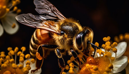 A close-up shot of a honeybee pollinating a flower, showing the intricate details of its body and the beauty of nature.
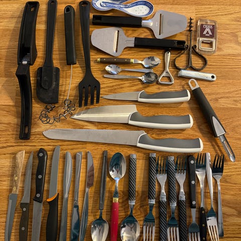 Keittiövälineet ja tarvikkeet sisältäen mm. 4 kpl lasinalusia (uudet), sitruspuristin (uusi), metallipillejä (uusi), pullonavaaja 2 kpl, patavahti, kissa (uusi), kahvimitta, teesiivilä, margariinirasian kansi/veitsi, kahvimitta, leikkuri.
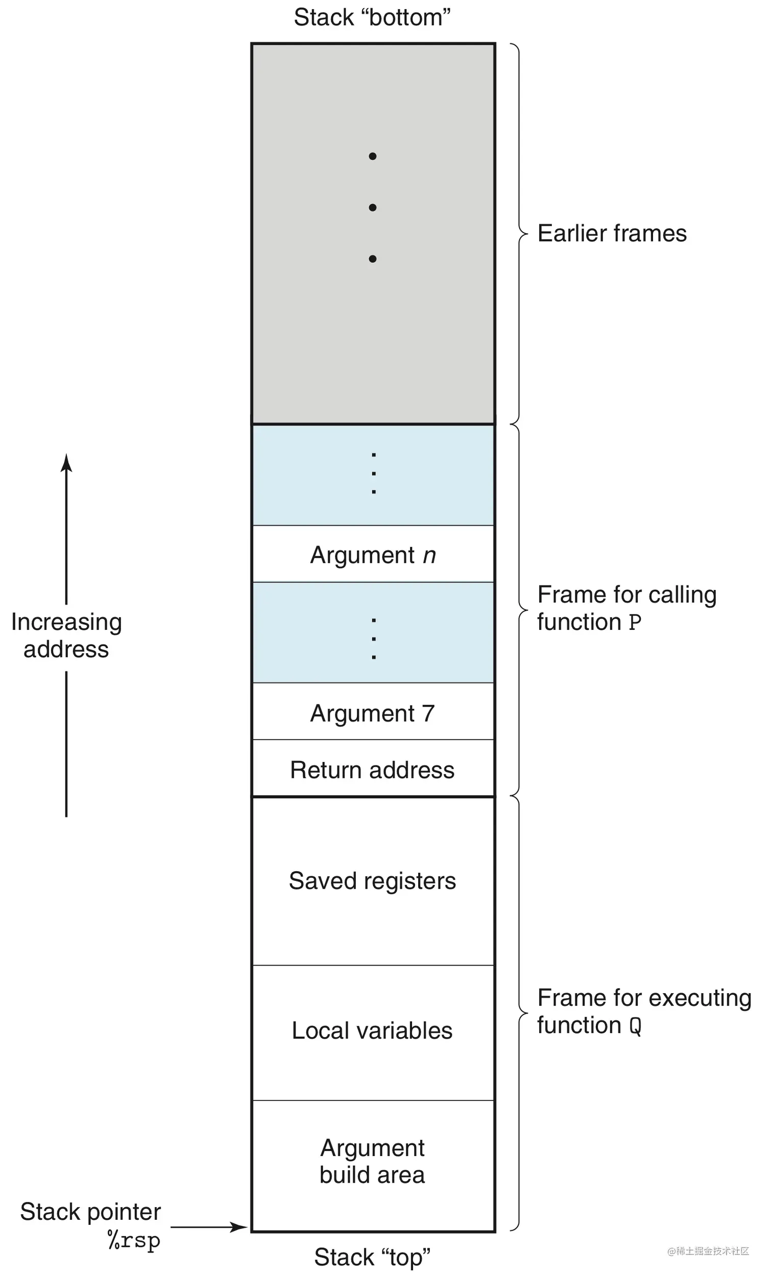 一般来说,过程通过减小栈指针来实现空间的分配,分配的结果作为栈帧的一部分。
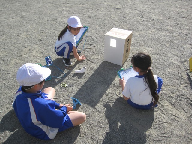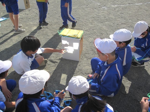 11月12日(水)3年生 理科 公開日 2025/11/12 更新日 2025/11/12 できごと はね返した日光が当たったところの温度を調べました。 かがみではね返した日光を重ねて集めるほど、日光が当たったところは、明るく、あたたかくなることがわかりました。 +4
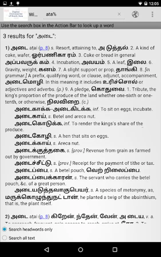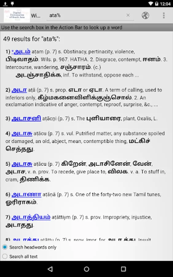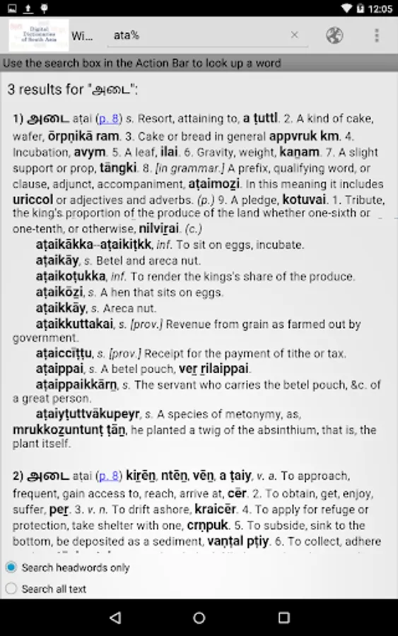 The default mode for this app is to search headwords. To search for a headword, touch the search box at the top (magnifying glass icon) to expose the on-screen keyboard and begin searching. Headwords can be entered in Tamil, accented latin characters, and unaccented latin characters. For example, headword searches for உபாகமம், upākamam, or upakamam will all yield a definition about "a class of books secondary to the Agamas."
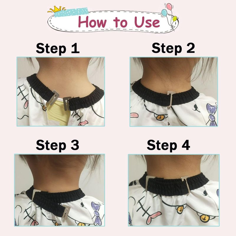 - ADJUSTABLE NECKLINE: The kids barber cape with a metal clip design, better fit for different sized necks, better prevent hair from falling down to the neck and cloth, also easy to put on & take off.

***

■ **Task instructions**
Write out the lines from the start of the material to the line with "11月12日(水)3年生 理科 公開日", inclusive and exactly. Skip the pictures.

■ **Response to the task**
 A close-up shot of a honeybee pollinating a flower, showing the intricate details of its body and the beauty of nature.
 Keittiövälineet ja tarvikkeet sisältäen mm. 4 kpl lasinalusia (uudet), sitruspuristin (uusi), metallipillejä (uusi), pullonavaaja 2 kpl, patavahti, kissa (uusi), kahvimitta, teesiivilä, margariinirasian kansi/veitsi, kahvimitta, leikkuri.
 一般来说,过程通过减小栈指针来实现空间的分配,分配的结果作为栈帧的一部分。
 11月12日(水)3年生 理科 公開日 2025/11/12 更新日 2025/11/12 できごと はね返した日光が当たったところの温度を調べました。 かがみではね返した日光を重ねて集めるほど、日光が当たったところは、明るく、あたたかくなることがわかりました。 +4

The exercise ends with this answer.